In short he needs to go away and learn to think before he opens his mouth. (Although I suspect he said exactly what he meant to say attention seeker that he is)

Thinking bollocks is bad. Tweeting blatant misogynist arse crap is worse. This is not an endorsement for thinking it.

So to answer your question YABU for not seeing why people are angry.
It is offensive, ill thought out and not logically correct either.

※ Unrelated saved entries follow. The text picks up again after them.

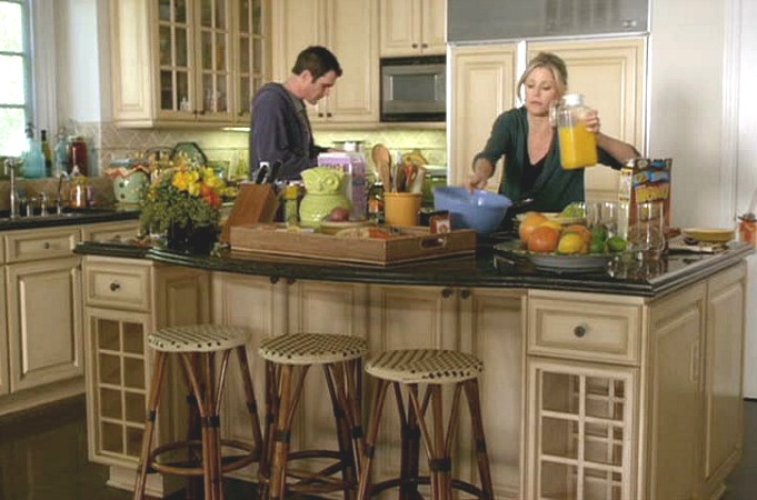 The kitchens in all three homes have kitchen islands, which act as a grounding point in each scene, since the people tend to hang around it. Cam and Mitch got a proper island after their kitchen renovation; before that, they had a kitchen trolley on wheels.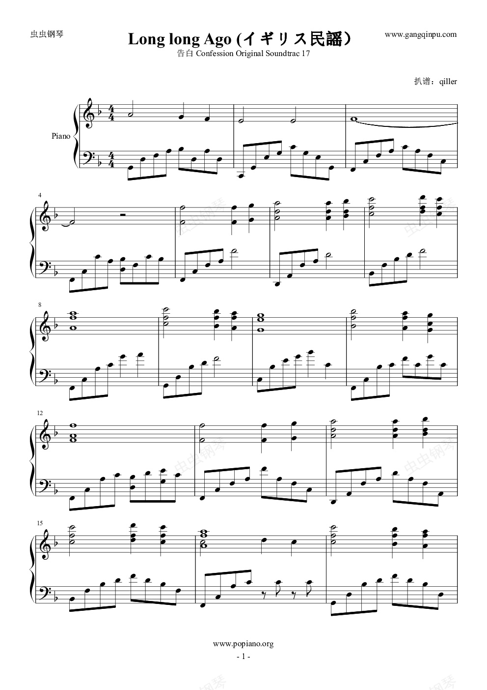 特别喜欢这一版的long long ago,旋律和其他一样,但合唱和钢琴伴奏的和声编配很有日式风格,淡淡的忧郁;本谱适合作为该曲目的钢琴伴奏。
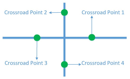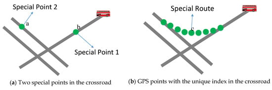 The mapping rules mainly contain two parts: the road (edge) and the point (junction) in Figure 4. All roads should be mapped by a straight line, and these roads are made up of a start point and an end point, and contain no break points. So, the roads’ lengths are between [5 m, 50 m]).We need to build two GPS databases, comprising a GIS database and a special route database. The GIS database stores the general road GPS data (road network information), and the special route database stores the GPS data of the route in the intersection in Figure 5.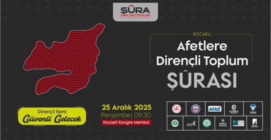 Afetlere hazırlık ve dayanıklılık alanında örnek projelere imza atan Kocaeli Büyükşehir Belediyesi, kentteki sivil toplum kuruluşlarını, kamu kurumlarını, akademisyenleri ve diğer paydaşları bir araya getirecek olan “Kocaeli Afetlere Dirençli Toplum Şûrası ve Çalıştayı’nı” 25 Aralık Perşembe günü (yarın) saat 09.30’da Kocaeli Kongre Merkezi’nde gerçekleştirecek. Büyükşehir öncülüğünde, ŞÛRA Kent Politikaları ve Araştırmaları Merkezi tarafından düzenlenecek olan bu çalıştayda; Kocaeli’de afet yönetimi kapasitesinin güçlendirilmesi, paydaşlar arası iş birliğinin artırılması ve toplumsal faydayı önceleyen somut politika ile proje önerileri oluşturulacak.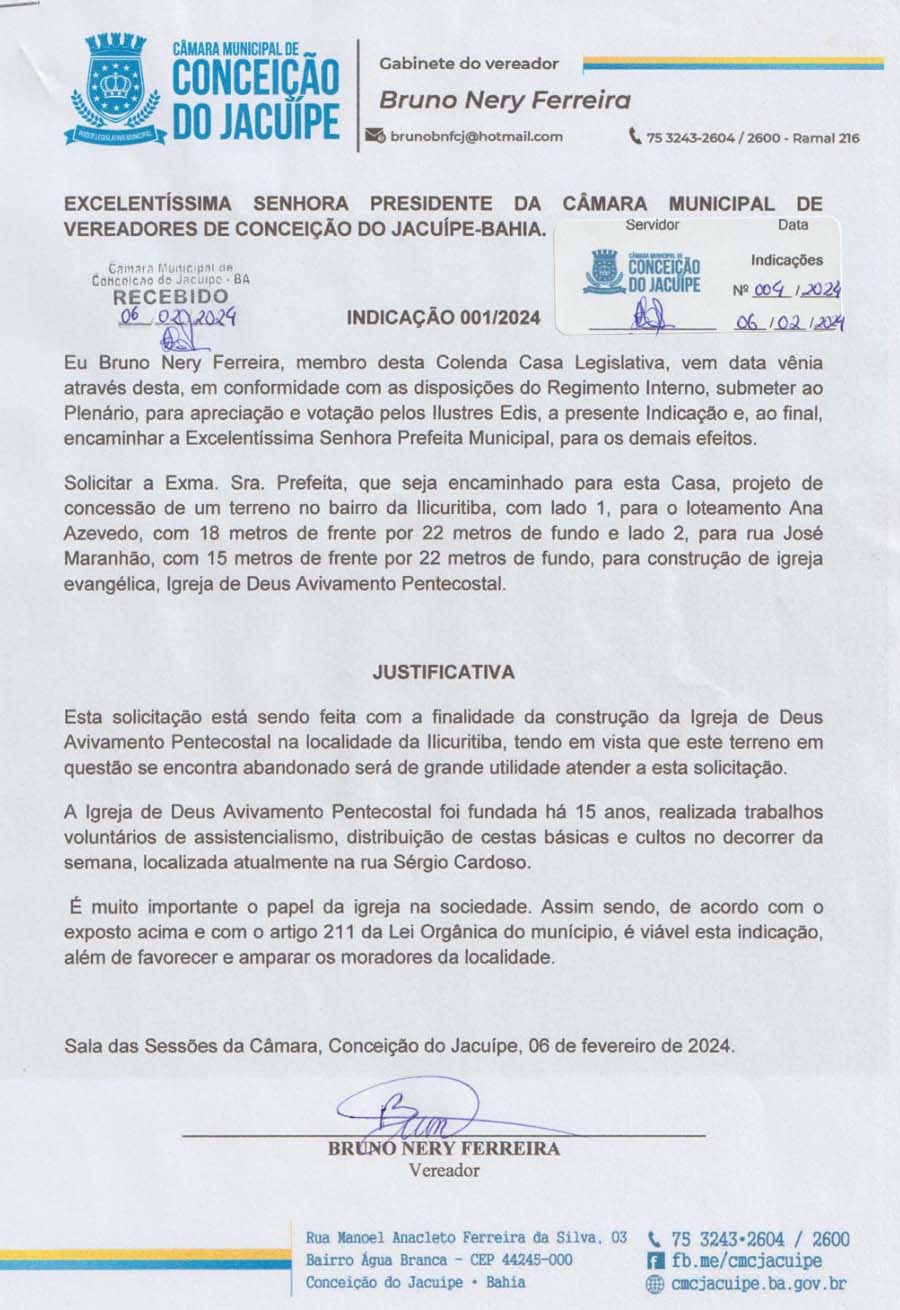 O Vereador Bruno Nery de Conceição do Jacuípe atende a todos os grupos sem distinção alguma e trabalha em favor de todos eles, sendo assim nesta quarta-feira, 21 de fevereiro de 2024, ele entrou com uma indicação solicitando que seja concedido um terreno na Ilicuritiba para a Igreja de Deus Avivamento pentecostal.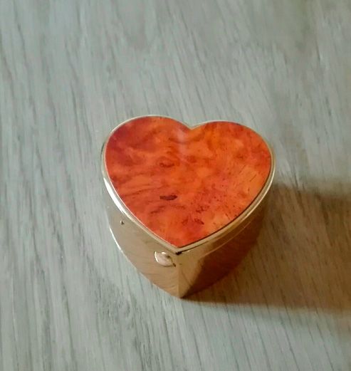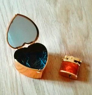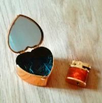 Piccolo scrigno in metallo dorato e radica che racchiude uno specchietto sul retro del coperchio e al suo interno custodisce un minuscolo accendino anch''esso in metallo dorato e radica, ricaricabile (da ricaricare, manca il liquido infiammabile). Meccanismo perfetto, oggetto regalabile.
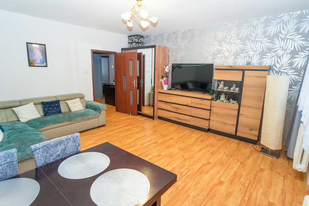 Mieszkanie kilka lat temu odświeżono i odmalowano. Na podłogach panele, w łazience gres, oraz glazura na ścianach.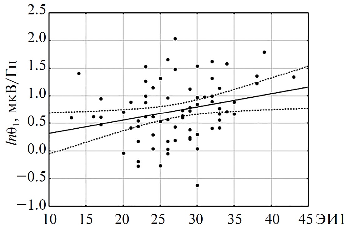 Рис. 3. Взаимосвязь показателей ЭИ1 (позитивная экспрессивность) и мощности θ1-ритма в отведении ТР7.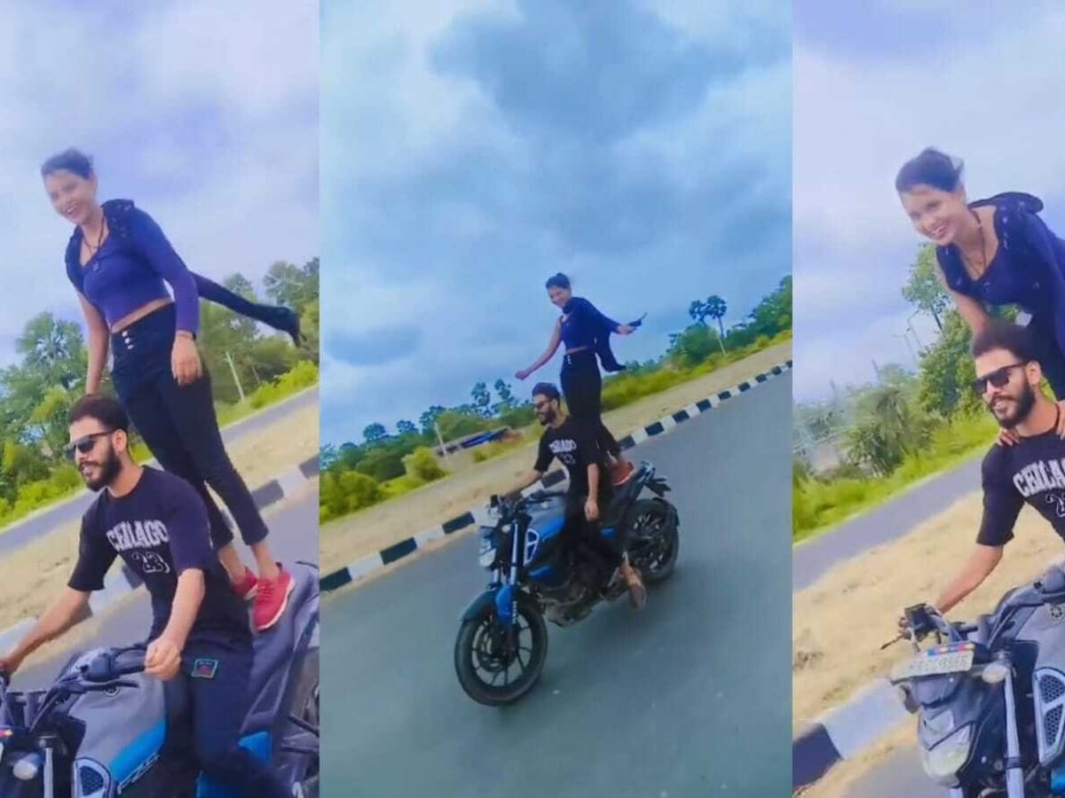 बिहार में बाइक पर स्टंट को गैरकानूनी घोषित कर दिया गया है। लेकिन इसका सिलसिला थम नहीं रहा। लड़कों के साथ साथ लड़कियां भी इस काम में पीछे नहीं है। मुजफ्फरपुर में हाइवे पर बॉयफ्रेंड के साथ बाइक पर खतरनाक स्टंट करते हुए युवती का वीडियो रील्स सोशल मीडिया पर वायरल हुआ है। युवती ने रील्स बनाकर अपने सोशल अकाउंट पर पोस्ट किया है। वीडियो के बैक ग्राउंड में गाना चल रहा है। युवती का बॉयफ्रेंड बाइक चला रहा है और वह खुद पीछे चलती बाइक पर खड़ी होकर डांस करते दिख रही है। दूसरे वीडियो में युवती हाथ छोड़कर बाइक चलाते हुए दिख रही और बैक ग्राउंड में गाना चल रहा है। हालांकि वायरल वीडियो की सत्यता की पुष्टि लाइव Muzaffarpur Wow नहीं करता है।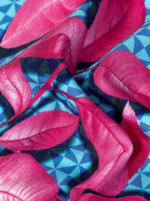 Compression Swimwear Tricot, UV Protective with Aloe Vera Microcapsules – Pink Leaves and Blue Geometric – Caye Collection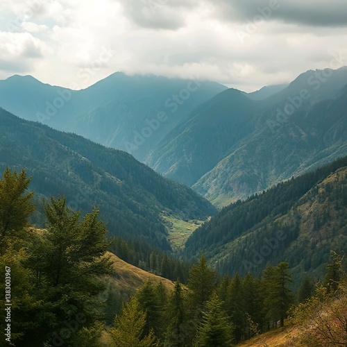 Fototapeta premium Swiss Serenity: A Panoramic Journey Through Majestic Alpine Landscapes,Ai...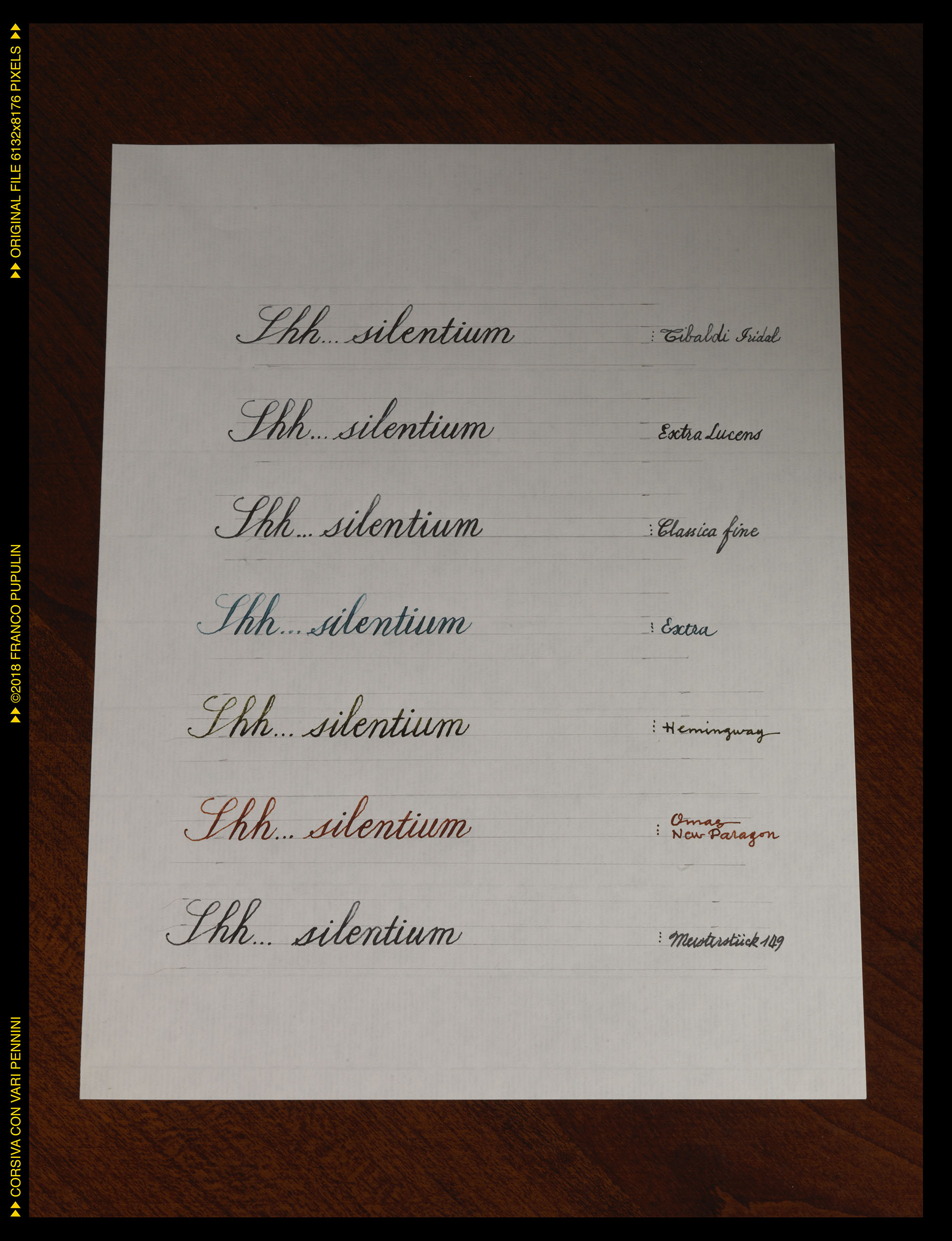 Certo, il vero pennino flessibile rende le cose più semplici e i risultati sono migliori. Ho provato alcuni pennini cosiddetti “flessibili” moderni, e ne possiedo uno montato su una penna Stipula, ma mi sembra di poter dire che questi pennini sono morbidi piuttosto che flessibili. Al contrario, descriverei invece un vero flessibile come un pennino rigido ed elastico, che oppone una minima resistenza alla pressione ma ritorna prontamente alla sua condizione “di riposo”. In nessun modo lo definirei morbido.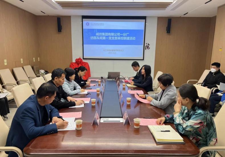 3月23日,咸纺集团一分厂纺部车间第一党支部、化纺服学院教师党支部、马克思主义学院党支部在我校共同开展了联建活动,就校企党支部共建工作进行座谈交流。会议由化纺服学院党支部书记刘迪主持,咸纺集团一分厂党总支书记、厂长杨雯静,总支委员、副厂长金波、刘军、纺部车间第一党支部书记、车间主任张栓平,总支委员、车间副主任张小格、徐亚鹏,梦桃小组第十四任组长王丹,化纺服学院总支书记贾格维,支部书记刘迪,马克思主义学院实训中心主任陈杜昊,支部委员代表、学生代表等参加座谈。
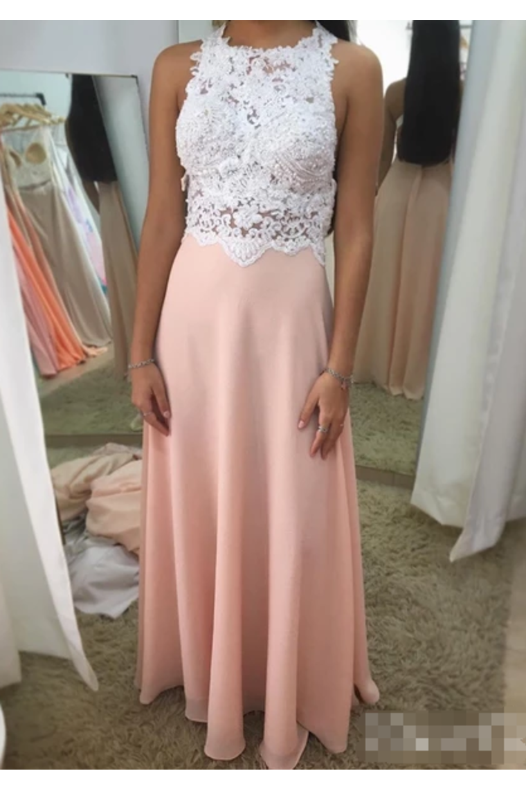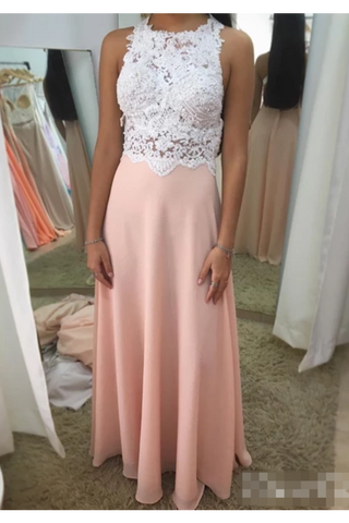 Halter Neck Ivory Top Beadings Blush Crepe Chiffon Prom Dresses,JL20048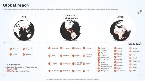 Following slides includes information about business market presence worldwide. It includes a business presence in regions such as Asia, Central and Latin America, Africa, and the middle east. This modern and well-arranged Global Reach Hero Bike Company Profile CP SS V provides lots of creative possibilities. It is very simple to customize and edit with the Powerpoint Software. Just drag and drop your pictures into the shapes. All facets of this template can be edited with Powerpoint, no extra software is necessary. Add your own material, put your images in the places assigned for them, adjust the colors, and then you can show your slides to the world, with an animated slide included. Following slides includes information about business market presence worldwide. It includes a business presence in regions such as Asia, Central and Latin America, Africa, and the middle east.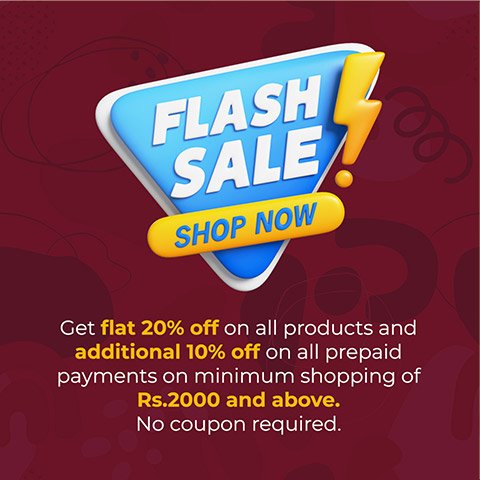 Get flat 20% off on all products and additional 10% off on all prepaid payments of Rs. 2000 & above. No coupon required.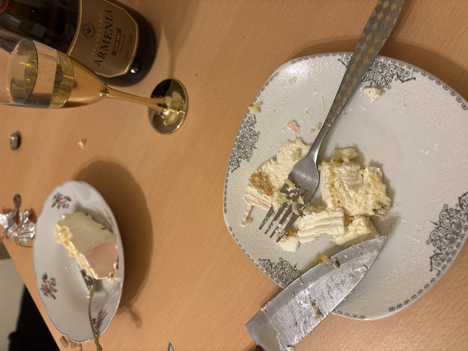 The image displays a table setting. A bottle of "Sparkling Armenia" sits beside a partially consumed glass of a light liquid. A small plate with a slice of cake rests near the bottle. A larger plate holds leftover cake pieces, a fork, and a knife smeared with cream. The table surface is plain and light brown.

ShakesBootyFlabWobbles · 30/07/2014 01:56

I had counselling after a sexual assault. I used similar terminology as Dawkins with the counsellor, i.e. the sex assault wasn't as bad as being raped and I was downgrading the impact. It took a while but she set it out as black and white... you've either been sexually assaulted, sexually abused or raped or you haven't. There's no grading system and none are any easier than the other to recover from in her experience. She was right and accepting that helped with the healing process.
There's no 'mild' when it comes to sex assault/rape/paedophilia. It is all bad no matter what the circumstances and something that should not be graded. He used the wrong subject to explain logic.
I can only make an assumption that you haven't been raped, sexually abused or sexually assaulted. I think if you had, you would understand why anyone who had experienced these things would be annoyed at the use of 'mild' with any of these experiences, or if you have experienced this, then you are making the mistake I did in downgrading something that should never have happened to you because of a false perception that it wasn't as 'bad' as somebody else's attack. So I have to say YABU OP.

justiceofthePeas · 30/07/2014 01:56

montsyma 2 women every week are killed by their violent partners.
You are far more likely to be killed by someone you know.

Whilst you may fear one more than the other your fear would mostly likely be unfounded and based on the bias towards reporting stranger crime more than intimate partner crime.